发布时间:2018-07-05 18:26

  本文选题:生物信息学 + Rocks集群 ; 参考:《昆明理工大学》2017年硕士论文


【摘要】:随着生物信息学的飞速发展,当今世界已经迈入生命科学和信息科学的时代。第三代测序技术因为其读长长的特点,彻底的革新了基因组学。测序技术发展的同时,生物信息学面临了更多的挑战,越来越多的测序数据的积累意味着需要更多的计算资源来满足其分析需求,而新的测序技术产生新的特征的序列又势必需要新的序列组装技术来应对。

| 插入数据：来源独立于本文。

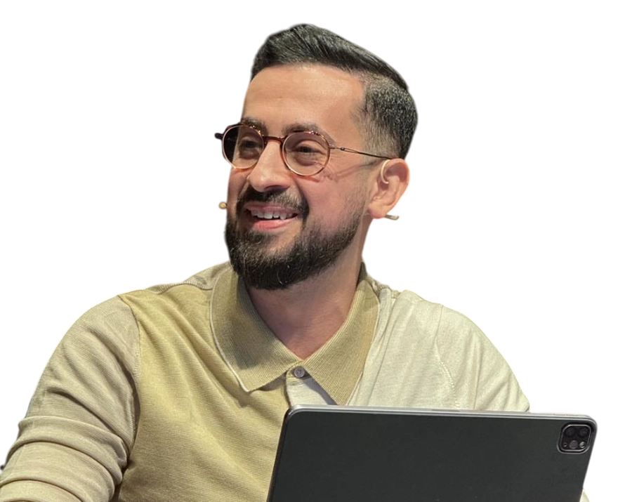Headshot of Mehmet Yıldız, smiling and wearing glasses and a two-toned light beige polo shirt, working with a tablet in the foreground, on a transparent background.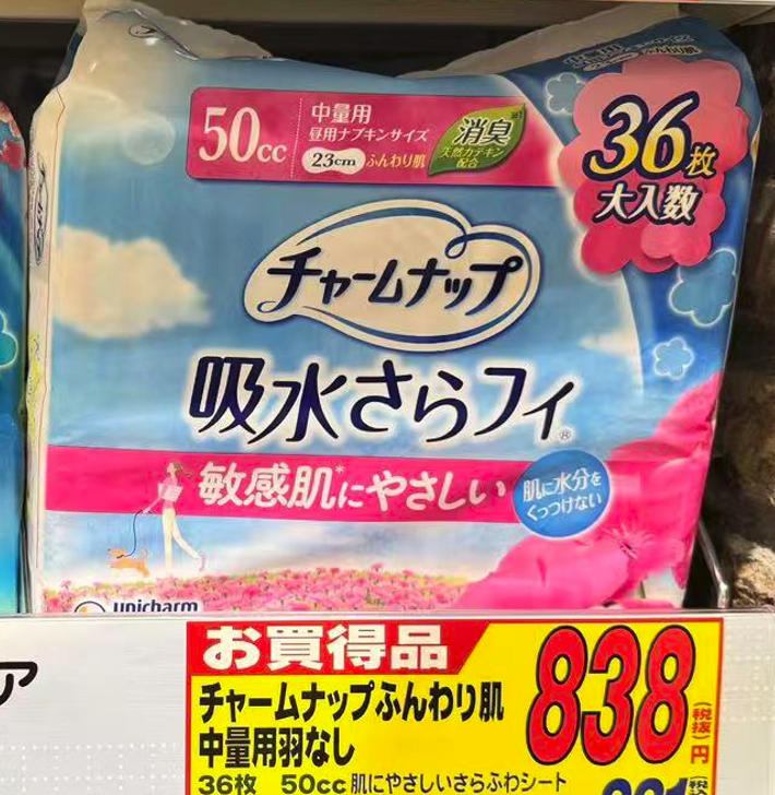 苏菲 UNICHARM尤妮佳 敏感肌肤可用 抗菌消臭卫生巾护垫 50cc23cm 无香 大包装36枚入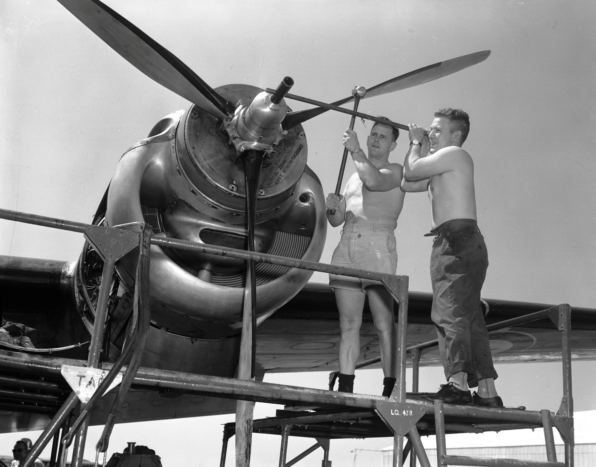 Two rigger-air frame technicians of No. 426 Squadron change an engine at Luqa Airport in Malta.  The North Star aircraft was on a trip to Australia when it was forced to stop over at Malta.  A spare engine was flown in from Langar.  (Rigger is slang for an Air Frame Technician and Fitter is slang for an Aero Engine Technician).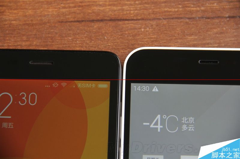 红米2的厚度为9.4mm 、魅蓝为8.9mm,加上魅蓝机身尺寸更大,视觉上魅蓝占有较大优势,整体握感上更显轻薄。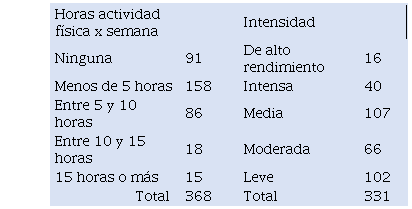 Ciertamente, del tiempo entre trabajo y estudio, o solo estudio, es importante la dedicación a actividades recreativas (Tabla 3). En ese aspecto, un cuarto de las personas encuestadas no realiza actividad física (24.7%), mientras que el 42.9% lo hace dedicándole menos de 5 horas por semana. De quienes realizan una actividad física semanal con mayor frecuencia, solo un 4.1% lo hace 15 horas o más, un 4.9% de 10 a 15 horas, y un 23.4% dedica entre 5 a 10 horas por semana. Por otro lado, 331 estudiantes respondieron a la pregunta acerca del nivel de intensidad con que hacen su actividad física, en la cual el nivel medio fue el más mencionado (32.3%), seguido del nivel leve (30.8%), mientras que los niveles de alto rendimiento (4.8%) e intenso (12%) fueron los menos referidos como el tipo de intensidad habitual en su actividad física por parte del estudiantado.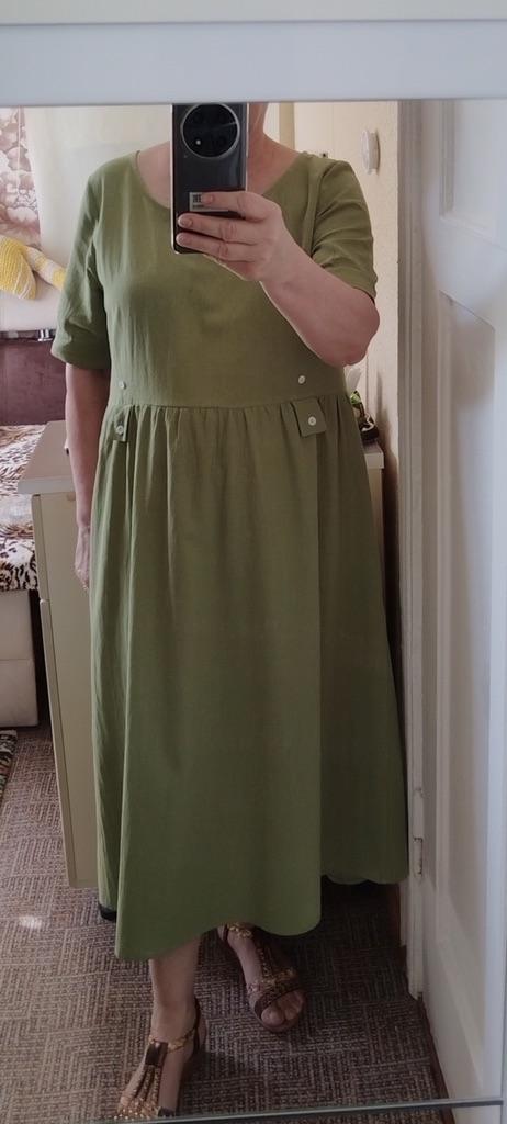 Wunderschönes Kleid. L passt 50. Die grüne Farbe ist ein sattes Olivgrün. Stoff – Baumwolle mit Crinkle-Effekt.
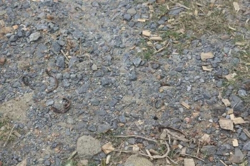 Giữa trời nắng, nhiều con giun chết và xác khô quắt lại, co rút trên đường. Trong khi đó, một số con giun ngọ nguậy yếu ớt. Việc hàng loạt giun đất trồi lên trên đường bê tông và sân vườn rồi chết khô khiến người dân bất ngờ, lo lắng không hiểu chuyện gì đã xảy ra. Ảnh: Người lao động. |

本文从上述挑战出发,研究二三代混合组装策略和序列拼接并行优化方法,以此满足科研人员对于二三代基因测序数据分析的需求,也可以在序列拼接过程中能够保证更好的节约计算资源,主要开展以下3个工作。首先,生物数据数据量大且资源多样,对数据进行处理必须以来强大的计算资源。为满足课题需求,建立生物信息学平台成为必须。本文中搭建了一个基于Rocks集群系统的生物信息学平台(Rocks Cluster),充分利用现有的集群计算技术来整合计算资源,为生物信息学的研究提供了方便快捷且强有力的数据处理平台。其次,测序技术日新月异,推动了基因组学的发展。本文分析三代测序数据具有读长长、错误率较高的特点和二代测序数据读长短但错误率低的特点,于生物信息学平台搭建了二三代基因组混合组装流程,充分利用了三代测序技术读长长和二代测序技术错误率低的优点,以二代测序数据对三代测序数据进行纠错,再以纠错之后得到的三代数据进行基因组装,以达到更好的拼接效果。最后,考虑到在基因混合组装过程中纠错环节内存消耗较高,如果对基因组较大的物种进行基因组装,现有平台无法满足其内存消耗需求。为了解决这个问题,本文分析了组装过程中内存使用情况,并根据实验室的生物信息学平台结构特点设计了解决方案。一是利用GlobalArray虚拟和管理不同节点的内存,将数据和计算分开运行;二是设计进程并行优化方法用来缓解单节点的内存压力。同时为了寻求更好的解决方案,以基因混合组装纠错方法本身所用算法为突破点,基于二代三代数据混合拼接的思想,即考虑首先用二代数据进行拼接得到正确率高的序列拼接图,然后用三代测序数据比对到图上,利用三代测序数据读长长的优势确定图上路径的选择,以达到简化图的目的,这样就避免了纠错环节。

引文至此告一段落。